> DATASET EXCERPT
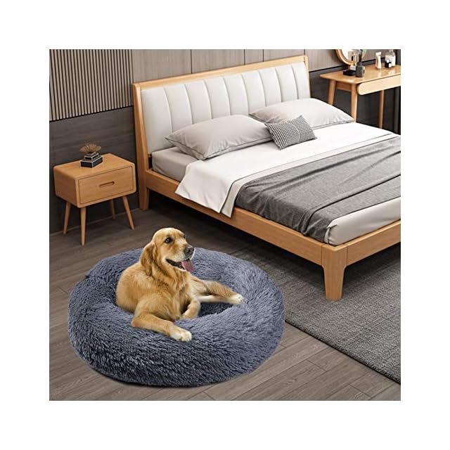 Aurako 80cm 犬ベッド 猫ベッド ふわふわ 丸型 クッション ドーナツペットベッド ぐっすり眠る 猫用 小型犬用 もこもこ 暖かい 滑り止め 防寒 寒さ対策 洗濯可能 子犬 猫用 サイズ選択可 ダークグレー
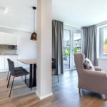 Das moderne Apartment 1.02 im Godewindpark Travemünde befindet sich nur 300 Meter vom feinsandigen Ostseestrand entfernt. Die exklusive Ferienanlage bietet zahlreiche Attraktionen in unmittelbarer Nähe. Reisende können die schöne Küstenlandschaft erkunden, während das historische Travemünde mit seinen charmanten Cafés und Geschäften leicht zu erreichen ist. Zudem stehen diverse Freizeitmöglichkeiten, wie Wassersport und Radfahren, zur Verfügung. Die Anreise gestaltet sich unkompliziert, da ein Tiefgaragenstellplatz vorhanden ist. Für E-Fahrzeuge gibt es eine E-Ladestation direkt vor der Anlage. Fahrräder können sicher im abschließbaren Keller untergebracht werden. Der 260 m² große Wellnessbereich der Anlage bietet Gästen die Möglichkeit, sich zu entspannen. Einkaufsmöglichkeiten und Restaurants sind ebenfalls schnell erreichbar und runden das Angebot ab.
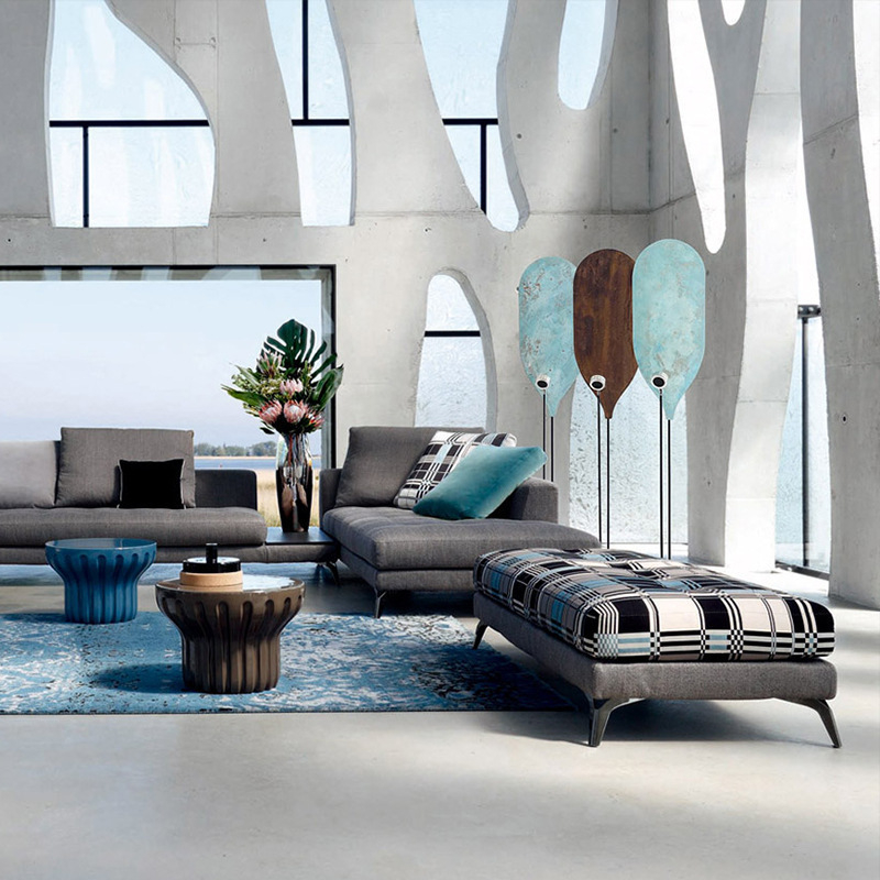 Величественная композиция сочетает холодную красоту и графичность металла. Доступный в двух классических цветах (черный синий), этот светильник становится доминантой пространства, трансформируя обычное освещение в масштабную инсталляцию.

> PROBLEM TO SOLVE
Only text belongs in the copy: repeat each line of the data exactly and leave out the pictures.

> REPLY
 Aurako 80cm 犬ベッド 猫ベッド ふわふわ 丸型 クッション ドーナツペットベッド ぐっすり眠る 猫用 小型犬用 もこもこ 暖かい 滑り止め 防寒 寒さ対策 洗濯可能 子犬 猫用 サイズ選択可 ダークグレー
 Das moderne Apartment 1.02 im Godewindpark Travemünde befindet sich nur 300 Meter vom feinsandigen Ostseestrand entfernt. Die exklusive Ferienanlage bietet zahlreiche Attraktionen in unmittelbarer Nähe. Reisende können die schöne Küstenlandschaft erkunden, während das historische Travemünde mit seinen charmanten Cafés und Geschäften leicht zu erreichen ist. Zudem stehen diverse Freizeitmöglichkeiten, wie Wassersport und Radfahren, zur Verfügung. Die Anreise gestaltet sich unkompliziert, da ein Tiefgaragenstellplatz vorhanden ist. Für E-Fahrzeuge gibt es eine E-Ladestation direkt vor der Anlage. Fahrräder können sicher im abschließbaren Keller untergebracht werden. Der 260 m² große Wellnessbereich der Anlage bietet Gästen die Möglichkeit, sich zu entspannen. Einkaufsmöglichkeiten und Restaurants sind ebenfalls schnell erreichbar und runden das Angebot ab.
 Величественная композиция сочетает холодную красоту и графичность металла. Доступный в двух классических цветах (черный синий), этот светильник становится доминантой пространства, трансформируя обычное освещение в масштабную инсталляцию.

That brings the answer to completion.